Architecture decisions start with a high base score (0.9) because they are fundamental. Bugs start lower (0.7) because they get fixed.
Each time a memory is accessed, it gets a reinforcement boost. Frequently accessed memories stay “hot” even as they age.
The four tiers determine what to keep and what to evict. “Hot” memories always survive. “Evict” memories get cleaned up.
Three Ways to Forget
Auto-forget runs every 60 minutes with three strategies:
Memories with a forgetAfter date past the current time are deleted. Like a self-destruct timer — useful for temporary observations that should not persist.

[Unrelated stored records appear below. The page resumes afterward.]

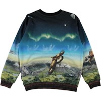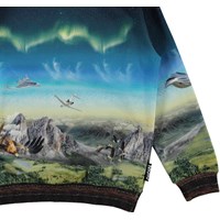 Miksi is een blauwe sweater met een print van adelaars en futuristische vliegtuigen die over kliffen vliegen. Het heeft een ronde hals en een elastische ribboord aan de onderkant en mouwen.
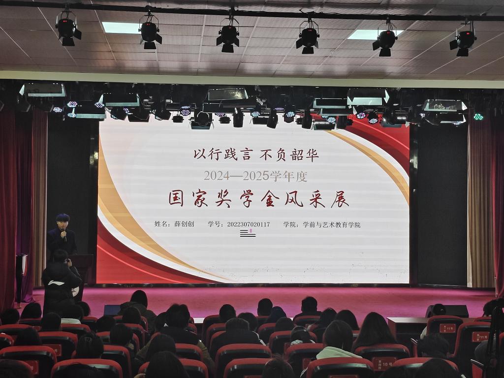 贝博官网2022级音乐表演01班的薛创创同学作为国家奖学金获得者和学生代表,在风采展中进行了主题分享。他围绕学科竞赛、学习经验和成长经历展开,结合个人实际,生动讲述了如何科学规划学习、克服挑战的心得体会,以及未来的目标愿景。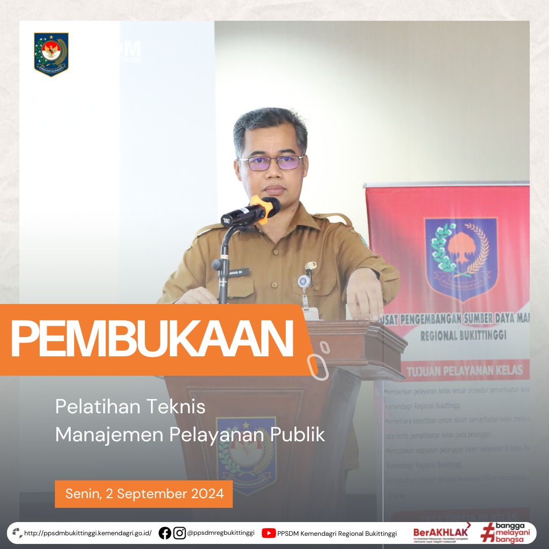 (press release). BPSDM Kementerian Dalam Negeri (Kemendagri) melalui PPSDM Regional Bukittinggi menggelar Pelatihan Teknis Manajemen Pelayanan Publik bagi organisasi perangkat daerah. Kegiatan dibuka oleh Kepala PPSDM pada 2 September 2024 di Kampus PPSDM Regional Bukittinggi.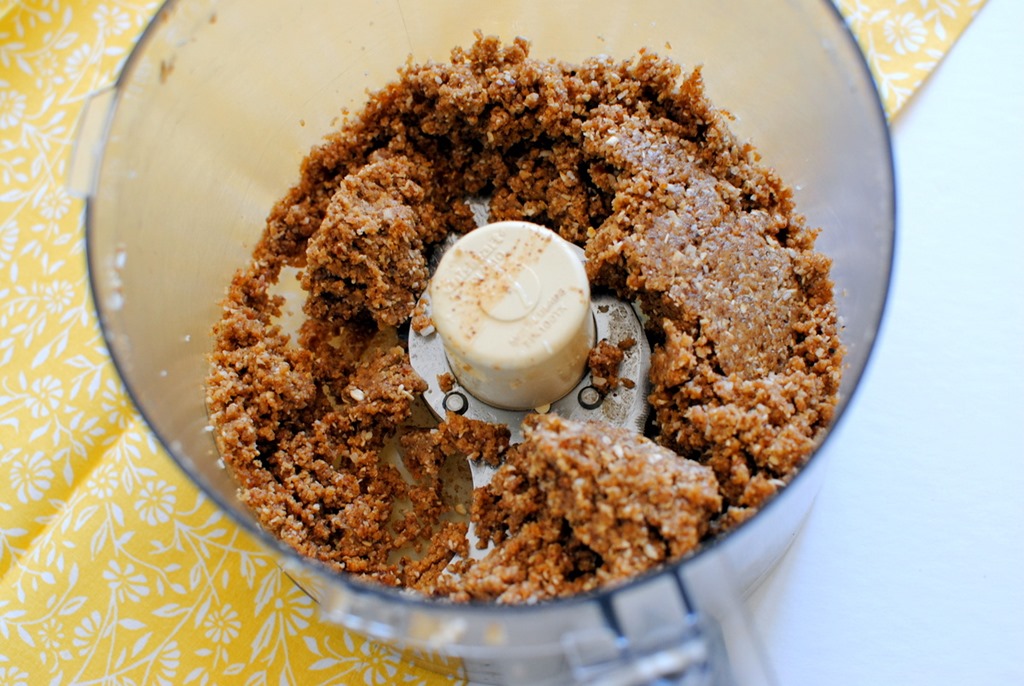 - Pulse until a thick “dough” is formed. (Depending on the consistency of your nut butter, you may need to add a little more to get everything to stick together.)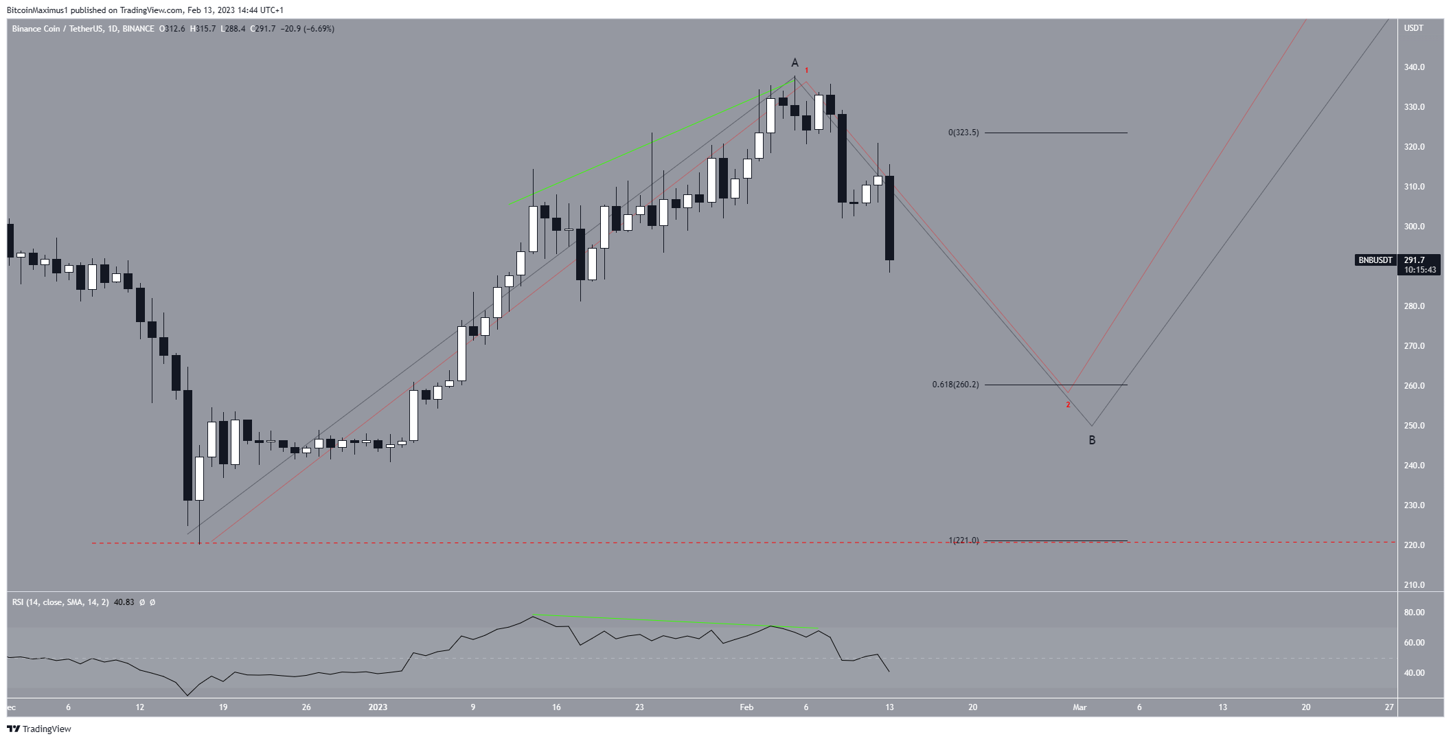 Thứ nhất, giá Binance Coin đã hoàn thành một chuyển động tăng gồm năm sóng. Vì vậy, bây giờ nó có khả năng đã bắt đầu một sự điều chỉnh. Số lượng sóng dài hạn vẫn chưa rõ ràng vì mức giảm liên tục có thể là một phần của sóng B (màu đen) hoặc sóng hai (màu đỏ). Tuy nhiên, có nhiều khả năng đây là sóng điều chỉnh (màu đen) hơn nếu giá BNB giảm xuống dưới mức hỗ trợ thoái lui Fib 0.618 tại 260 USD. Ngược lại, nếu giá bật lên trên mức đó, xu hướng vẫn là tiếp tục tăng. Dù là trường hợp nào, giá vẫn có khả năng tăng lên sau đó.

When two memories share concepts and have a Jaccard similarity above 0.9, the older one gets marked isLatest=false. The newer version wins. Like Wikipedia — the article gets updated, not duplicated.
Observations older than 180 days with importance <= 2 are deleted. These are the “I searched for a file” type observations that have no lasting value.
Without forgetting, your memory store grows unbounded and search quality degrades — more results means more noise. Smart forgetting keeps the signal-to-noise ratio high. The system actively maintains the quality of your memory, not just its quantity.
The Complete Lifecycle
Putting it all together — from capture to eventual forgetting:
Capture
PostToolUse hook
Working
Raw observation stored
Episodic
Session summarized
Semantic
Facts extracted
Procedural
Patterns synthesized
Reinforce
Access = strength up
Decay
No access = fade
Evict
Score < 0.15 = remove
Final Check
Your agent remembers that “user prefers jose over jsonwebtoken for JWT.” Six months pass and the memory is never accessed. What happens?
You understand how agentmemory captures, compresses, indexes, searches, consolidates, and forgets. These patterns — privacy filtering, content-addressable dedup, zero-LLM compression, hybrid search with RRF fusion, tiered consolidation, and importance-based eviction — appear in production systems everywhere. Knowing them helps you debug, configure, and extend agentmemory. More importantly, you can now recognize these patterns in other tools and ask for them by name.